The HAc is never in excess. The HCl is never in excess.
moles NaOH = 0.00122
moles acetic acid = 0.0008
moles HCl = 0.0008.
Did you see the link that DOES provide a buffer?
Soo...what am I doing wrong? Sorry I'm a bit confused here.
pH= 4.75 + log (.06040/.02079) ?
Then I get 5.203 which isn't the right answer either.
The basic problem here is that you are trying to use the Henderson-Hasselbalch buffer equation to solve a problem that is not a buffer. Your solution is not a buffered solution problem. There is an excess of NaOH when reacted with HCl and the pH is determined by the excess OH for pH = 12.32. The reaction between NaOH and HAc (I use HAc because it's easier to type than HC2H3O2) again is between more NaOH than HAc; therefore, all of the HAc is used and there is an excess of NaOH. Again, this provides a pH of about 12 something. It is NOT a buffer. There is acetate ion but there is no acetic acid. All of the acetic acid was neutralized by the more than enough NaOH. See the link I gave above for a problem that has some NaOH but enough HAc to provide an excess of HAc. Under those conditions there is a buffer present and the HH equation applies. The HH equation has a base and an acid (in the Bronsted-Lowry sense). In the HAc/Ac^- system, the Ac^- is the base and the HAc is the acid. You have Ac^- and the concn can be calculated but you do NOT have any acid present (no HAc). Instead, you have NaOH and that is what is determining the pH of the solution.

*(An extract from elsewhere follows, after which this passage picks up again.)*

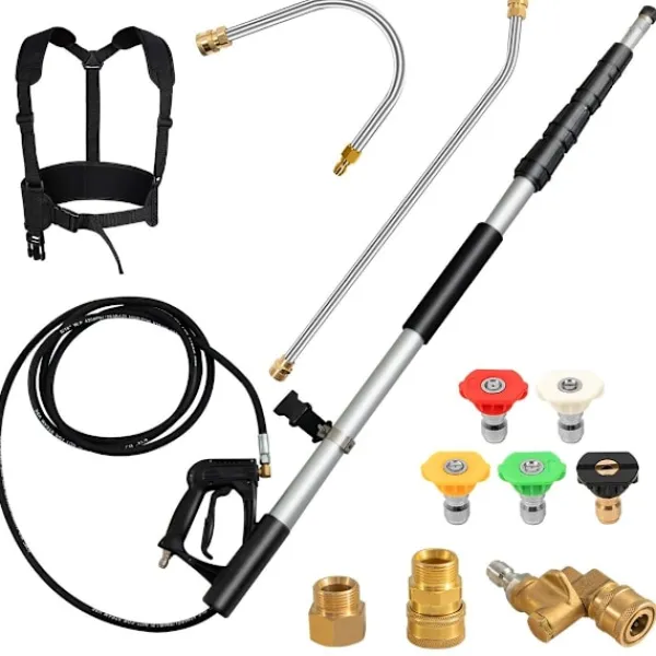 Denna förbättrade teleskopiska högtryckstvätt inkluderar två adaptrar (M22-14 mm och M22-15 mm) och en vridbar koppling för att möta dagliga behov. Den rekommenderas för användning med gasdrivna eller elektriska högtryckstvättar med ett tryck på 281 kgf/cm². Snabbkopplingsdesignen av olika kopplingar gör monteringen enkel, och änden på spraystaven är utrustad med en säkerhetsavtryckare för enkelt grepp och manövrering. Detta tillbehör för högtryckstvätt är perfekt för rengöring av hängrännor, väggar, uppfarter, staket och till och med fordon.

To calculate the pH of the solution when the 8.00 mL of 0.10 M HC2H3O2(aq) is diluted with 100 mL of water, you can use the equation pH = pKa + log(base/acid).
First, let's calculate the moles of HC2H3O2 in the 8.00 mL solution:
moles = volume (L) * concentration (M) = 0.00800 L * 0.10 M = 0.00080 moles HC2H3O2
Now, let's calculate the concentration of the diluted solution:
final volume = initial volume (dilute solution) + volume of water = 0.00800 L + 0.100 L = 0.108 L
concentration = moles/volume = 0.00080 moles / 0.108 L = 0.00741 M HC2H3O2
Now, let's determine the ratio of the base (NaOH) to the acid (HC2H3O2):
moles(base) = moles(acid) = 0.000420 moles NaOH
moles(acid) = 0.000800 moles HC2H3O2
Now, let's calculate the pH:
pH = pKa + log(base/acid)
pKa for HC2H3O2 is approximately 4.75.
For NaOH:
pH = pKa + log(0.000420 moles NaOH / 0.000800 moles HC2H3O2)
pH = 4.75 + log(0.525)
pH = 4.75 + (-0.279)
pH = 4.471
So, the pH of the solution with 12.20 mL of NaOH and 8.00 mL of HC2H3O2 (diluted with water) is approximately 4.471.

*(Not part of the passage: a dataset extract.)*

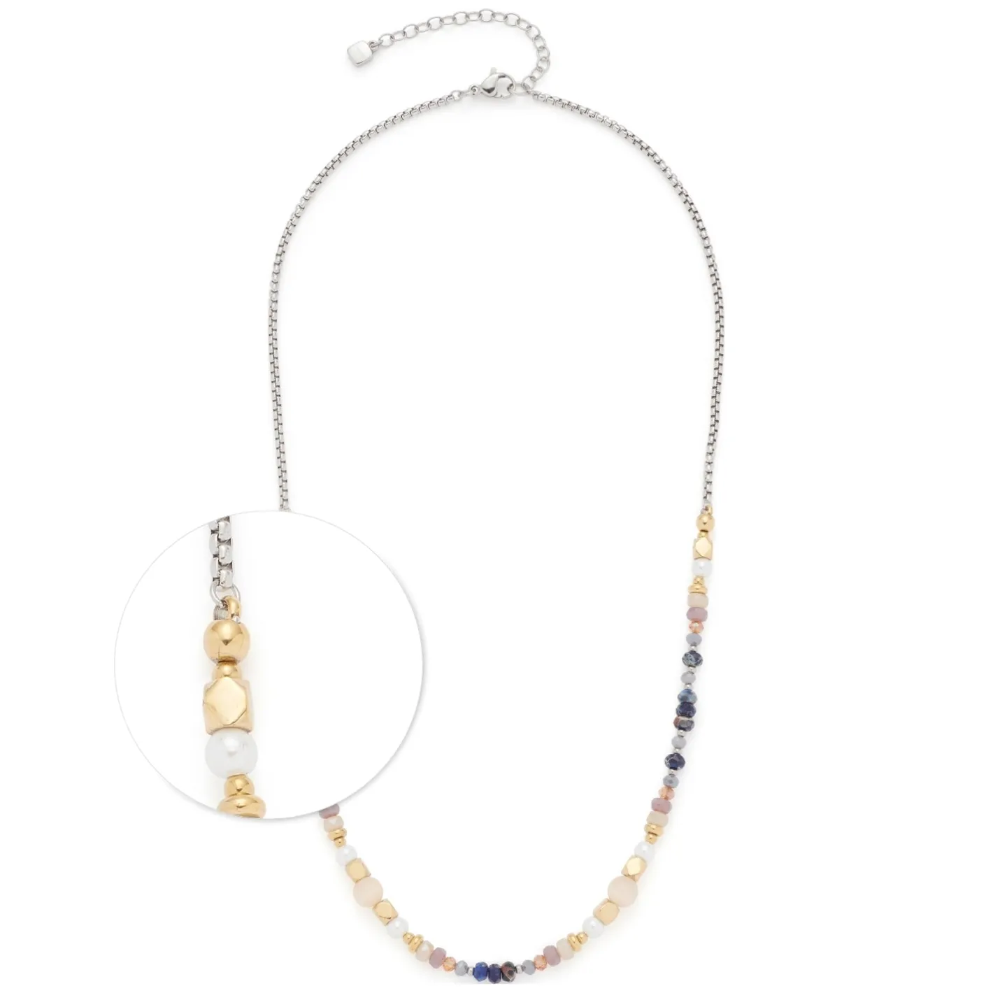 Harmonische Farbkomposition, zeitloses Design und edle Materialien: Diese Kette verschönert einfach jeden Look. Die kurze Kette zeigt sich mit verschiedenen Perlen in Blau, Beige, Creme und Weiß. Im Kontrast dazu hat die Venizianerkette ein Mittelstück aus gereihten Halbedelsteinperlen (Sodalith), Perlmutt- und Glasperlen. Abgerundet wird der stilvolle Mix mit weißen Imitationsperlen und goldenen, facettierten Würfelchen. Eine dezente Optik, die gerade deshalb so besonders wirkt und schön zu allen Cashmere-Looks passt. Der Karabinerverschluss und die Verlängerungskette sind zudem ein praktisches Detail.

To answer your question, the pH of NaOH and HC2H3O2 will be different because they are different substances and have different pKa values. In the first part, the pH was the same because you calculated the pH of the NaOH solution only. But in the second part, you are calculating the pH of the HC2H3O2 solution, which is a weak acid with a different pKa value.